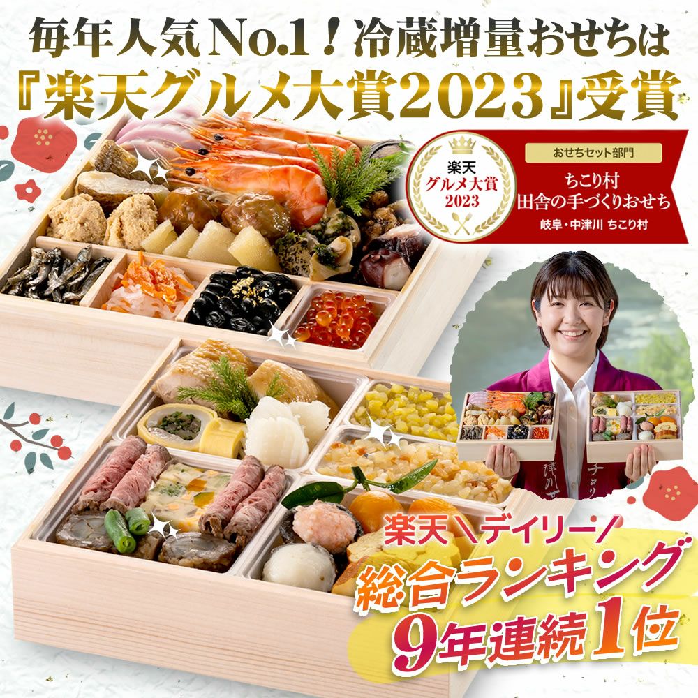 他の画像を見る 在庫切れ 楽天総合ランキング10年連続1位/冷蔵便でお届け/薄味ながら旨味たっぷり♪【お節料理/御節料理/お節/御節/生おせち】 おせち 2026 冷蔵便でお届け♪ ちこり村 田舎の手づくりおせち 【人気2品増量おせち】』二段重 3~4人前 送料無料 着日指定不可 冷蔵 送料無料 販売価格 ¥ 24,570 税込 販売を終了しました。 4.87 (299) 詳細を見る お気に入りに登録する
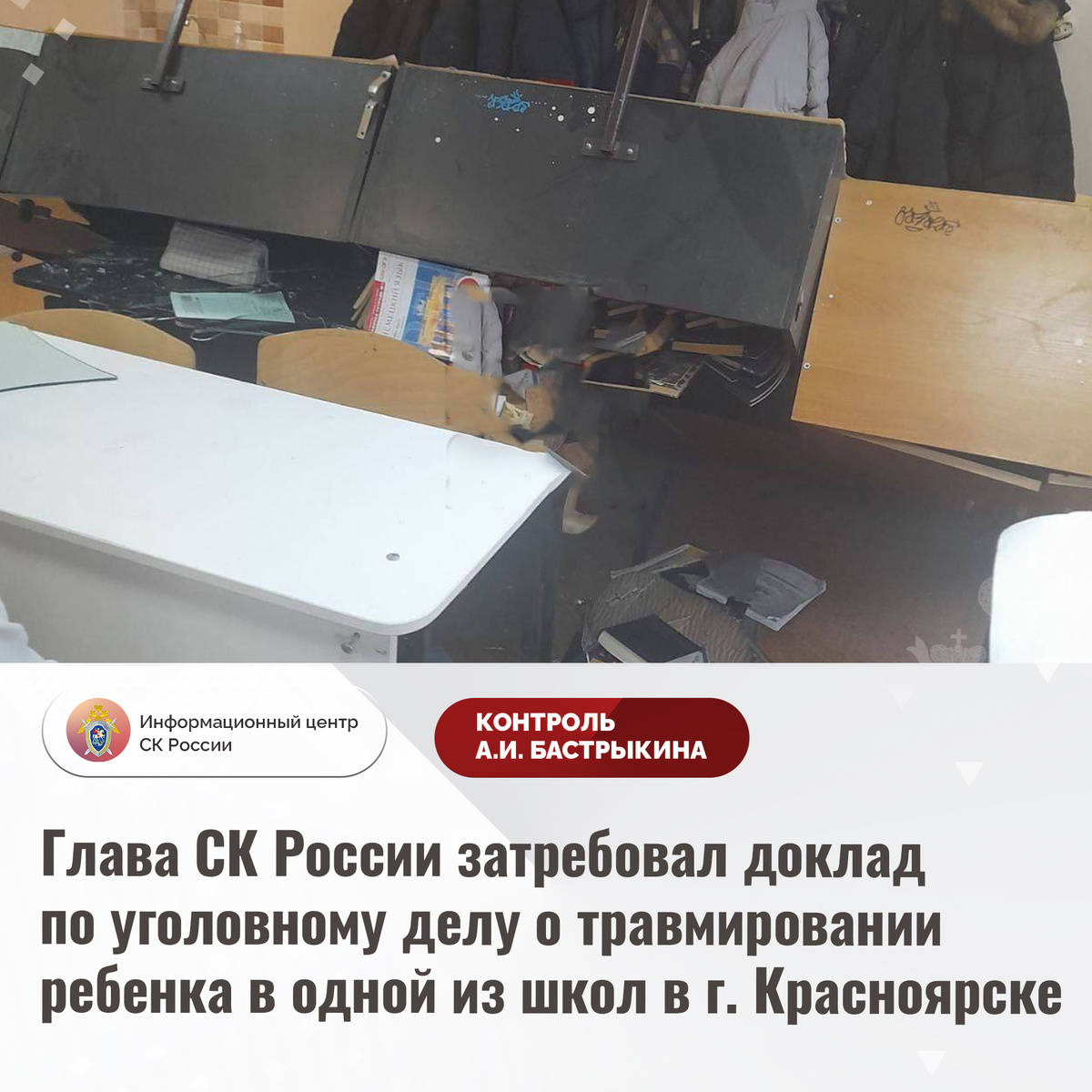 Глава СК России затребовал доклад по уголовному делу о травмировании ребенка в одной из школ в г. Красноярске Внимание Председателя СК России А.И. Бастрыкина обращено на публикации в СМИ и социальной сети о травмировании ребенка в результате падения на него книжного шкафа в одной из школ в городе Красноярске. 19 ноября текущего года незакрепленная надлежащим образом деревянная секция со стеклянными дверцами обрушилась на школьника. Пострадавший госпитализирован с травмами. В ГСУ СК России по Красноярскому краю и Республике Хакасии по данному факту возбуждено уголовное дело. Председатель Следственного комитета Российской Федерации Александр Иванович Бастрыкин затребовал у руководителя ГСУ СК России по Красноярскому краю и Республике Хакасии Алексея Леонидовича Еремина доклад о ходе и результатах расследования уголовного дела. Исполнение поручения поставлено на контроль в центральном аппарате ведомства. #СледственныйКомитет #СКРоссии #СКР #ИЦСКР #ИнформационныйЦентр #АлександрБастрыкин #
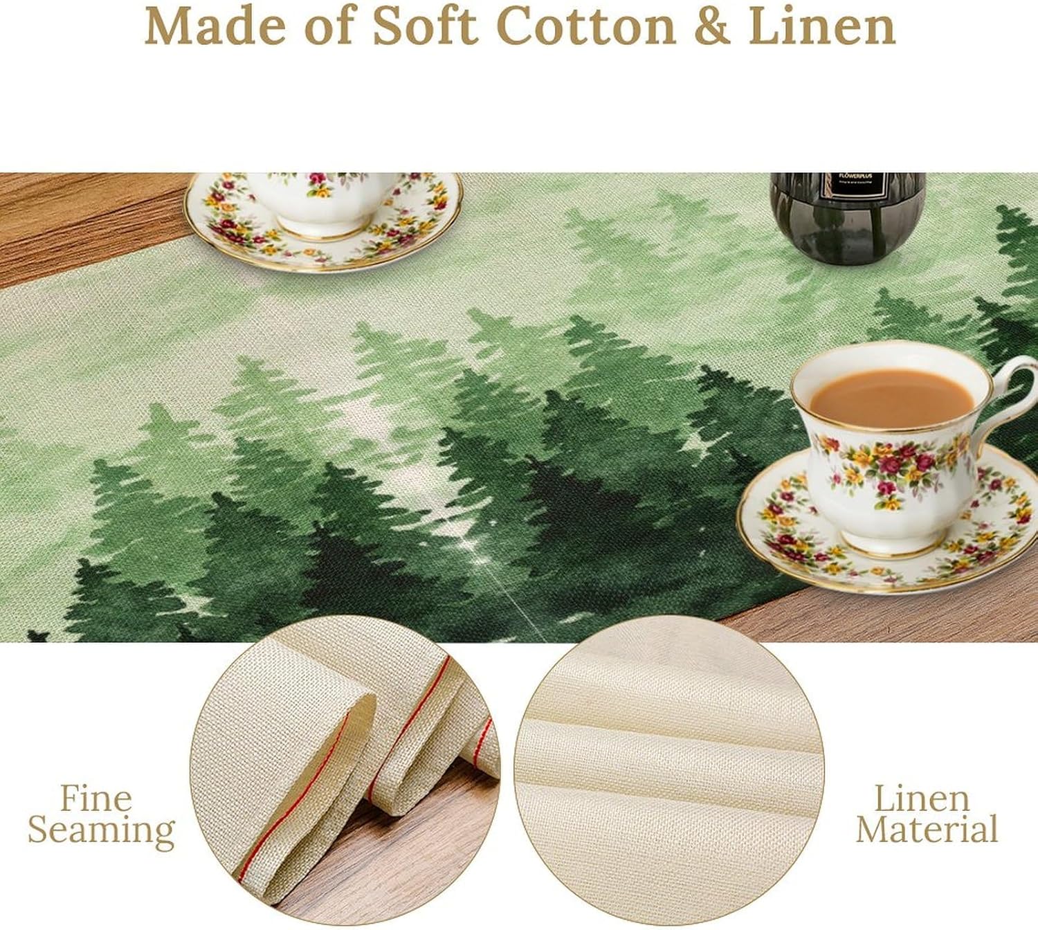 Foggy Forest Table Runner,Watercolor Wreen Misty Forest Landscape Table Runner for Kitchen Dining Table Home Party Decoration 13x72 Inch
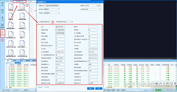 在QMT【模型交易】界面点击“新建交易”,在【策略类型】处选择我们导入的“通达信多板块跟单界面版.rzrk”文件,然后修改参数后保存。
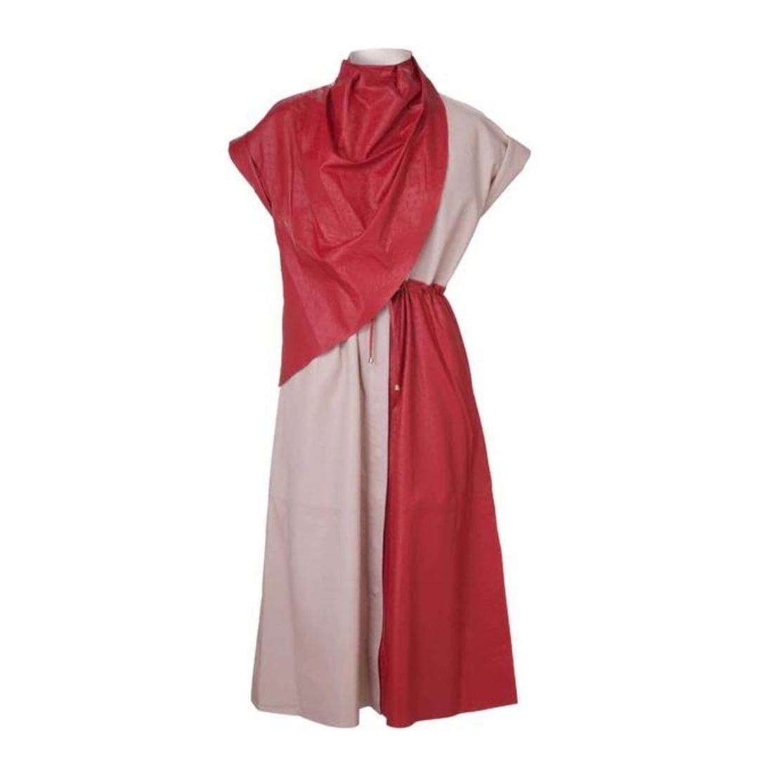 The Dodo Bar OR Paula dress is crafted from a two-tone ostrich-printed leather and features an oversized shawl collar with an adjustable drawstring waist.

(TASK DESCRIPTION): Leave out the pictures and restate, word for word, the lines from the top of the data through the line containing "Глава СК России", both included.

(ANSWER FOR THIS EXERCISE):
 他の画像を見る 在庫切れ 楽天総合ランキング10年連続1位/冷蔵便でお届け/薄味ながら旨味たっぷり♪【お節料理/御節料理/お節/御節/生おせち】 おせち 2026 冷蔵便でお届け♪ ちこり村 田舎の手づくりおせち 【人気2品増量おせち】』二段重 3~4人前 送料無料 着日指定不可 冷蔵 送料無料 販売価格 ¥ 24,570 税込 販売を終了しました。 4.87 (299) 詳細を見る お気に入りに登録する
 Глава СК России затребовал доклад по уголовному делу о травмировании ребенка в одной из школ в г. Красноярске Внимание Председателя СК России А.И. Бастрыкина обращено на публикации в СМИ и социальной сети о травмировании ребенка в результате падения на него книжного шкафа в одной из школ в городе Красноярске. 19 ноября текущего года незакрепленная надлежащим образом деревянная секция со стеклянными дверцами обрушилась на школьника. Пострадавший госпитализирован с травмами. В ГСУ СК России по Красноярскому краю и Республике Хакасии по данному факту возбуждено уголовное дело. Председатель Следственного комитета Российской Федерации Александр Иванович Бастрыкин затребовал у руководителя ГСУ СК России по Красноярскому краю и Республике Хакасии Алексея Леонидовича Еремина доклад о ходе и результатах расследования уголовного дела. Исполнение поручения поставлено на контроль в центральном аппарате ведомства. #СледственныйКомитет #СКРоссии #СКР #ИЦСКР #ИнформационныйЦентр #АлександрБастрыкин #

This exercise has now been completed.